Roy Fielding 为 REST 架构提出了 6 大设计准则/约束 (constraints):
- Client-Server
- Stateless
- Cache
- Uniform Interface
- Layered System
- Code on demand (optional)
按照重要程度调整顺序展开各项如下[2]
Uniform Interface is fundamental to the design of any RESTful webservice. It indicates that the server transfers information in a standard format. The formatted resource is called a representation in REST. This format can be different from the internal representation of the resource on the server application. For example, the server can store data as text but send it in an HTML representation format.Uniform interface helps to decouple the client and service implementations.
Uniform interface imposes four architectural constraints:
- Requests should identify resources. They do so by using a uniform resource identifier.
- Clients have enough information in the resource representation to modify or delete the resource if they want to. The server meets this condition by sending metadata that describes the resource further.
- Clients receive information about how to process the representation further. The server achieves this by sending self-descriptive messages that contain metadata about how the client can best use them.
- Clients receive information about all other related resources they need to complete a task. The server achieves this by sending hyperlinks in the representation so that clients can dynamically discover more resources.
Statelessness refers to a communication method in which the server completes every client request independently of all previous requests. Clients can request resources in any order, and every request is stateless or isolated from other requests. This REST API design constraint implies that the server can completely understand and fulfill the request every time.

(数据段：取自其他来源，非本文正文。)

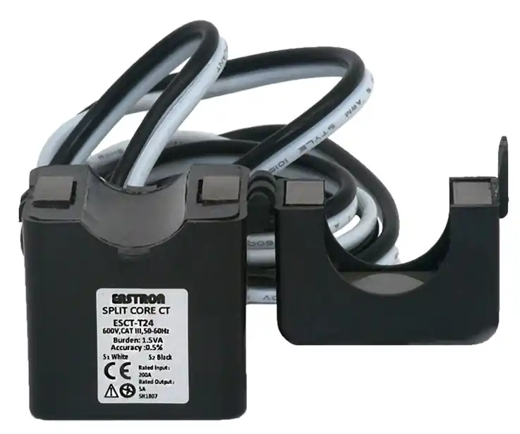 Sensor de corriente toroidal CT-ESCT-T24 de 200A es necesario para la medición de consumo indirecto con los vatímetros Eastron. Será necesario un sensor de corriente por fase, por tanto en una instalación monofásica será necesario un solo sensor mientras que en una instalación trifásica serán necesario 3 sensores.

In a Layered System architecture, the client can connect to other authorized intermediaries between the client and server, and it will still receive responses from the server. Servers can also pass on requests to other servers. You can design your RESTful web service to run on several servers with multiple layers such as security, application, and business logic, working together to fulfill client requests. These layers remain invisible to the client.

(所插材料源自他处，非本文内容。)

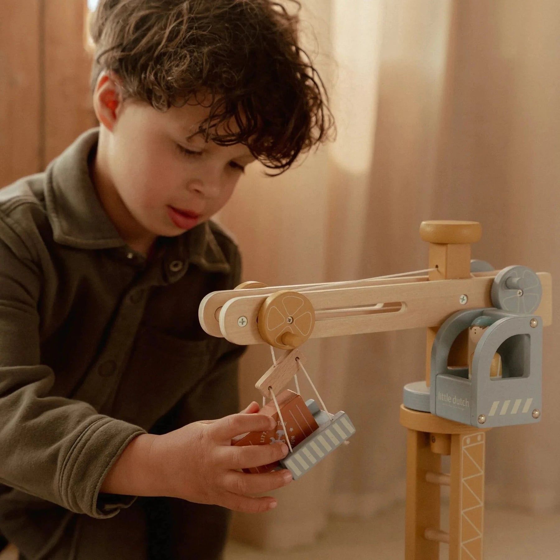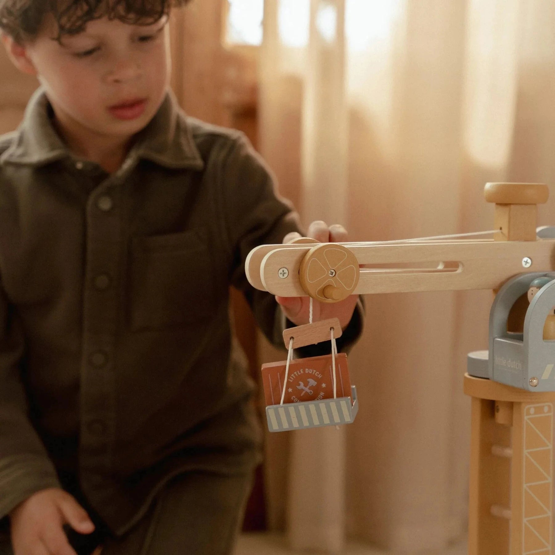 Build and move! This wooden crane lifts loads up and safely lowers them. Includes construction materials, vehicles, construction workers, and traffic signs. Perfect for little builders and easy to combine with other items from the vehicles collection!

Cacheability: RESTful web services support caching, which is the process of storing some responses on the client or on an intermediary to improve server response time. For example, suppose that you visit a website that has common header and footer images on every page. Every time you visit a new website page, the server must resend the same images. To avoid this, the client caches or stores these images after the first response and then uses the images directly from the cache. RESTful web services control caching by using API responses that define themselves as cacheable or noncacheable.
Code on demand (optional): In REST architectural style, servers can temporarily extend or customize client functionality by transferring software programming code to the client. For example, when you fill a registration form on any website, your browser immediately highlights any mistakes you make, such as incorrect phone numbers. It can do this because of the code sent by the server.

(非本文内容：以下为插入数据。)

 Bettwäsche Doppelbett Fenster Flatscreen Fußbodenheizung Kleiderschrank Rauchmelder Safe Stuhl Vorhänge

Client-Server 架构分离准则看似毫无必要提及,因为它在今日已被广泛采用。但 2000 可是一个 PHP 和 Java Server Pages(JSP) 主导网站开发的年代,提出这点很有前瞻性。如 Roy Fielding 所言
By separating the user interface concerns from the data storage concerns, we improve the portability of the user interface across multiple platforms and improve scalability by simplifying the server components. Perhaps most significant to the Web, however, is that the separation allows the components to evolve independently, thus supporting the Internet-scale requirement of multiple organizational domains.
REST over HTTP
REST 架构并不依赖于任何底层协议,目前大部分 REST API 实现的应用层协议为 HTTP。在此,Uniform Interface 首先意味着
- 不论 Server 以何种格式存储数据,Client 端以何种方式应用或展现数据,它们之间按固定格式传输数据,如 HTML, JSON,XML,JPEG,MP4
应用与之相随的 four architectural constraints
就产生了一些基本设计准则
- 围绕资源设计 API,比如 URI
example.com/orders
表示订单集合 (collection of orders), URIexample.com/orders/1
表示 id 为 1 的某特定订单 (particular order withid=1
) - 使用标准的 HTTP verbs 操作资源,如 GET, POST, PUT, PATCH, and DELETE
应用 1,2 之后,客户端拿到 URL example.com/orders
,几乎不需要额外信息就可以这样操作资源
GET example.com/orders
,获取所有订单列表GET example.com/orders/{orderId}
,进一步获取订单详情DELETE example.com/orders or example.com/orders/{orderId}
,删除订单资源
假设获取到 id=1 的订单信息为如下 JSON
|
|
便可以推断出如何创建订单
POST example.com/orders -d '{"orderValue":9.9,"productId":2,"quantity":3}'
以及如何更新订单
PUT example.com/orders/1 -d '{"orderValue":100,"productId":1,"quantity":1}'
REST 中 URI + HTTP verbs 的方式约定化了资源定位及资源操作,基于这种风格设计的 API 自表达,易理解,沿着 GET 操作可以推断出所有资源的操作方式。这也是 POST example.com/orders
好过 POST example.com/create-order
的原因,创建操作约定化到了 HTTP POST 中,减少了记忆负担。而大部分资源只需 POST(C) GET(R) PUT/PATCH(U) DELETE(D) 就够了。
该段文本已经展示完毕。